→ What the task requires
Apart from the pictures, which must be omitted, restate the data exactly.

→ Dataset extract
'''

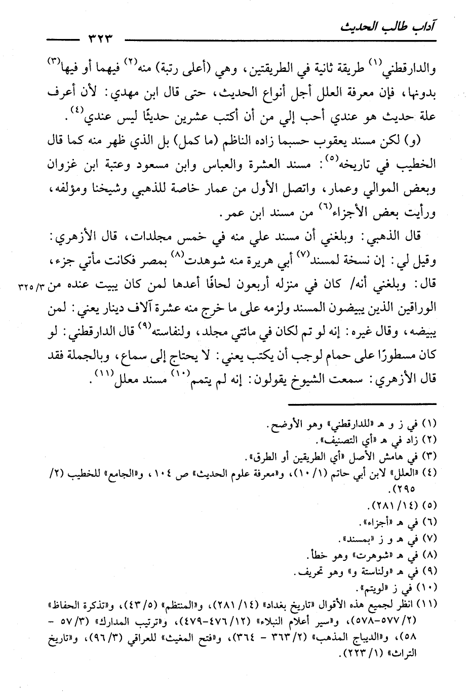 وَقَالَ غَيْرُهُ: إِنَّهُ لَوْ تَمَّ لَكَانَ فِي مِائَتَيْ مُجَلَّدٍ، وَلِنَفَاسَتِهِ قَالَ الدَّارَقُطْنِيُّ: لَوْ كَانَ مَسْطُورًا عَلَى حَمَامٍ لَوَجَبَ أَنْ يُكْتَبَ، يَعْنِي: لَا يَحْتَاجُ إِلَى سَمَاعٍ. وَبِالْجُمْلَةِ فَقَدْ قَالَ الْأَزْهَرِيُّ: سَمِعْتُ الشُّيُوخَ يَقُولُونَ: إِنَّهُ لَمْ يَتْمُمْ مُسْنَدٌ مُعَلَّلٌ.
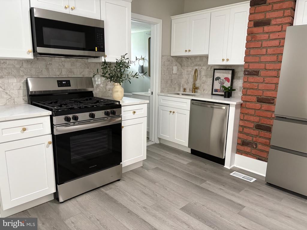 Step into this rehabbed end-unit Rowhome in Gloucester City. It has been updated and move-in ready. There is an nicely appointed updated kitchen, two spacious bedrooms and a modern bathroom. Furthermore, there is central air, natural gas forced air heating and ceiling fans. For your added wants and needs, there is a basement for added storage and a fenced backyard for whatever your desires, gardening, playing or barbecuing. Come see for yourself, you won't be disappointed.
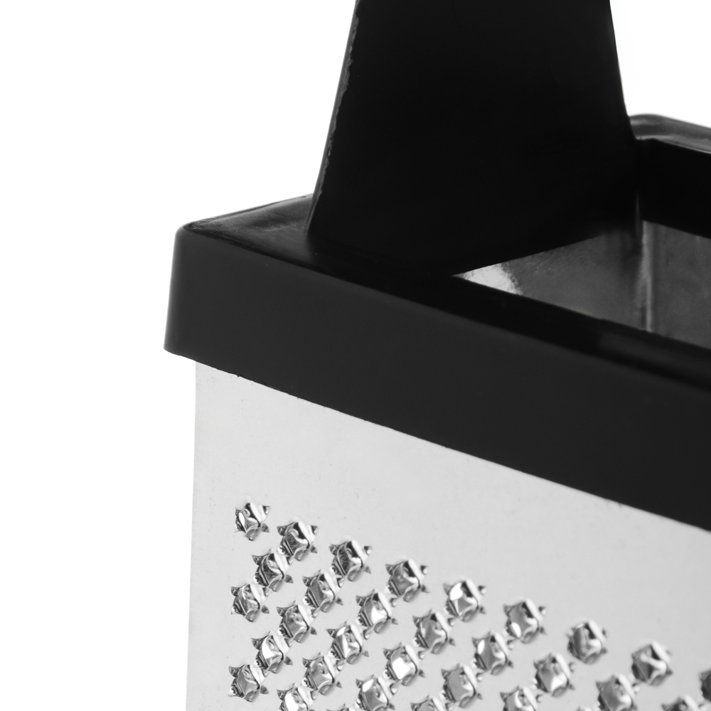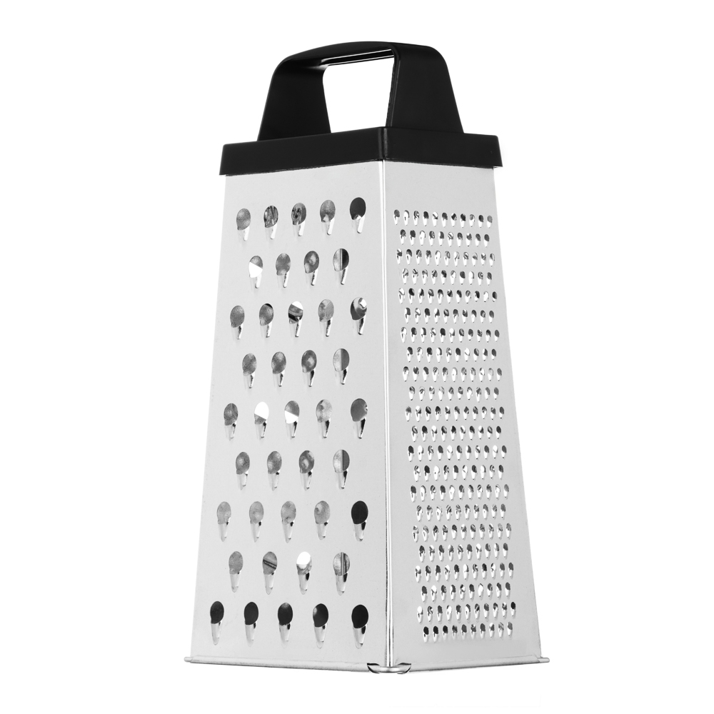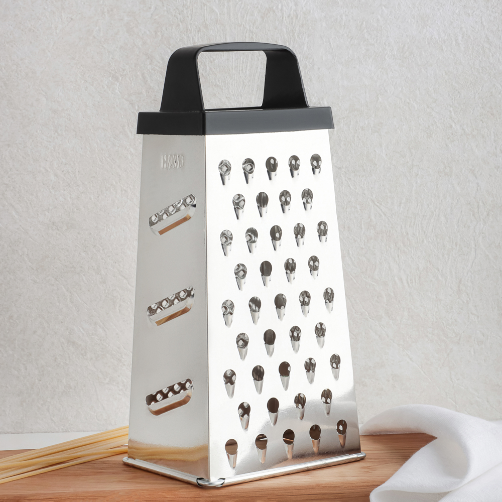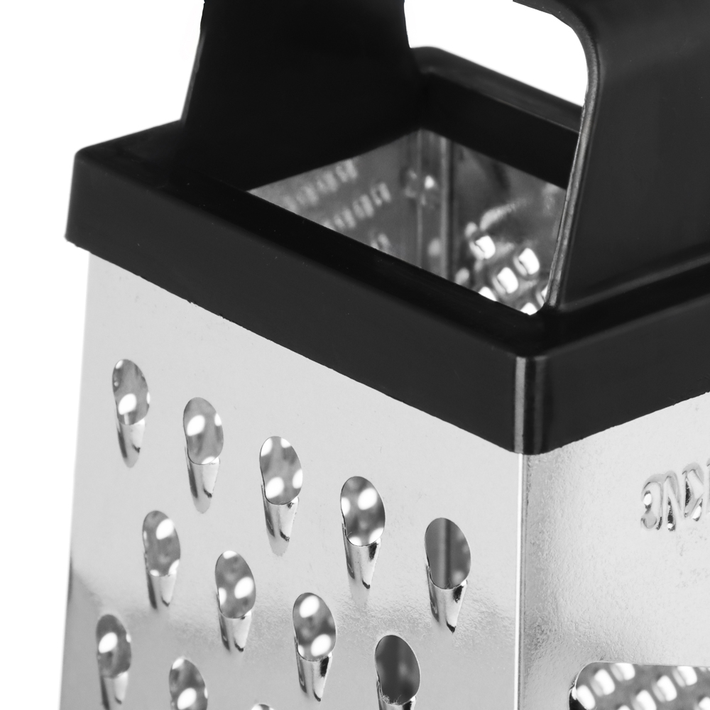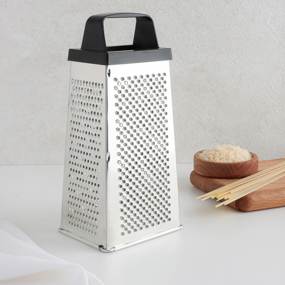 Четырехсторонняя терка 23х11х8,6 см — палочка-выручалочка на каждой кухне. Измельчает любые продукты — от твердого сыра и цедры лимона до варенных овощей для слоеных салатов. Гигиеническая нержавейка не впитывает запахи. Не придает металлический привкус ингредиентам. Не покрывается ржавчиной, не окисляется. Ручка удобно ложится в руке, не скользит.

'''

→ Solution to the exercise
 وَقَالَ غَيْرُهُ: إِنَّهُ لَوْ تَمَّ لَكَانَ فِي مِائَتَيْ مُجَلَّدٍ، وَلِنَفَاسَتِهِ قَالَ الدَّارَقُطْنِيُّ: لَوْ كَانَ مَسْطُورًا عَلَى حَمَامٍ لَوَجَبَ أَنْ يُكْتَبَ، يَعْنِي: لَا يَحْتَاجُ إِلَى سَمَاعٍ. وَبِالْجُمْلَةِ فَقَدْ قَالَ الْأَزْهَرِيُّ: سَمِعْتُ الشُّيُوخَ يَقُولُونَ: إِنَّهُ لَمْ يَتْمُمْ مُسْنَدٌ مُعَلَّلٌ.
 Step into this rehabbed end-unit Rowhome in Gloucester City. It has been updated and move-in ready. There is an nicely appointed updated kitchen, two spacious bedrooms and a modern bathroom. Furthermore, there is central air, natural gas forced air heating and ceiling fans. For your added wants and needs, there is a basement for added storage and a fenced backyard for whatever your desires, gardening, playing or barbecuing. Come see for yourself, you won't be disappointed.
 Четырехсторонняя терка 23х11х8,6 см — палочка-выручалочка на каждой кухне. Измельчает любые продукты — от твердого сыра и цедры лимона до варенных овощей для слоеных салатов. Гигиеническая нержавейка не впитывает запахи. Не придает металлический привкус ингредиентам. Не покрывается ржавчиной, не окисляется. Ручка удобно ложится в руке, не скользит.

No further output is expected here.